The Flexible Electronics and Display Center (FEDC) at Arizona State University and PARC, a Xerox company, announced today that they have successfully manufactured the world's largest flexible X-ray detector prototypes using advanced thin film transistors.

Measuring 10 diagonal inches, the device has been jointly developed at the ASU center and PARC in conjunction with the Army Research Lab and the Defense Threat Reduction Agency. The device will be used to advance the development of flexible X-ray detectors for use in thin, lightweight, conformable and highly rugged devices.
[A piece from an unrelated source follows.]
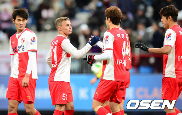 27일 오후 부산 아시아드 주경기장에서 열린 '2013 현대오일뱅크 K리그 클래식' 부산 아이파크와 울산 현대의 경기 종료 후 부산 선수들이 승리의 기쁨을 나누고 있다.

“This achievement is a fantastic example of how academia, industry and government can collaborate to advance key technologies and national priorities,” said Sethuraman “Panch” Panchanathan, senior vice president for Knowledge Enterprise Development at ASU. “Flexible electronics hold tremendous potential to accelerate our global competitiveness in the area of advanced manufacturing by partnering with federal agencies and industry leaders."

The thin film transistor and PIN diode processing was done on the 470- by 370-mm Gen II line at the Flexible Electronics and Display Center. This device showcases the center's successful scale up to GEN II, and the ability to produce sensors and displays using thin film transistors in standard process flows with the center’s proprietary bond/de-bond technology. These detectors are unique in that they showcase both of the flexible substrates the center uses to make devices. Some of the new detectors are on polyethylene naphthalate and some are on polyimide.

“This success came from a rewarding collaboration that combines FEDC’s flexible array fabrication technology and PARC’s experience with digital X-ray systems,” said Bob Street, PARC Senior Research Fellow.

The system design and integration was done at PARC. The flexible X-ray sensor was coupled to a tablet device for control and image viewing. This system shows PARC’s capability to build user-defined prototype systems incorporating novel device physics, materials and technology. PARC has extensive experience in building large-area electronic systems, display and backplane prototypes, and organic and printed electronics.